Chuck jammed his hands in his jeans pockets.
“Seriously?” Dean asked in disbelief.
“She was really upset,” Chuck said emphatically. “But, listen, guys, it might be rough for a while, but it’s all going to work out. And, Cas?”
“Yes,” the angel said intently.
“Hang in there, buddy. You’ll get used to it,” Chuck said. “Good luck, guys.” He reached into the truck bed, pulled out a pack of toilet paper and handed it to Sam. “From me. I want you to have it. May the Force be with you.”
“Travel safe, Chuck,” Castiel replied. Chuck nodded, shut the truck bed, and got into the driver’s side. The truck pulled away.
Sam and Dean stared after it in disbelief. Finally, Dean sputtered, “Cas!”
“Yes, Dean,” Castiel answered serenely.
Dean flapped a hand at the truck dwindling into the twilight. “Do something!”

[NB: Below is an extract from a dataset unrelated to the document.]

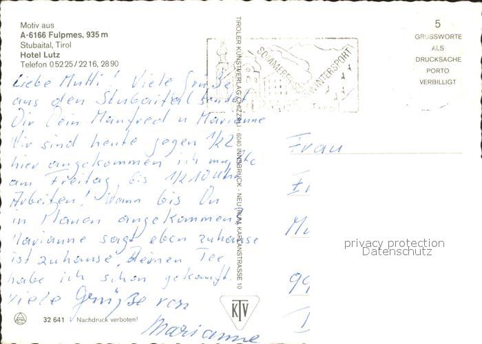 71866370 alte Postkarte Fulpmes Tirol Hotel Lutz postalisch gelaufen Erhaltung siehe scans KatCode: 11390332070310

“As zombies must be destroyed by removing the head or destroying the brain, I advise that you lay down stores of sharp-edged blades, guns and ammunition,” Castiel recommended. “I will continue to look for God.”
Dean threw his hands in the air and stormed around in a circle. “Thanks, Cas,” Sam said, still holding the pack of toilet paper.
“You are welcome, Sam,” Castiel answered.
“All right!” Dean yelled, coming to a stop. “Praise the Lord and pass the ammunition then! It’s the zombie apocalypse!”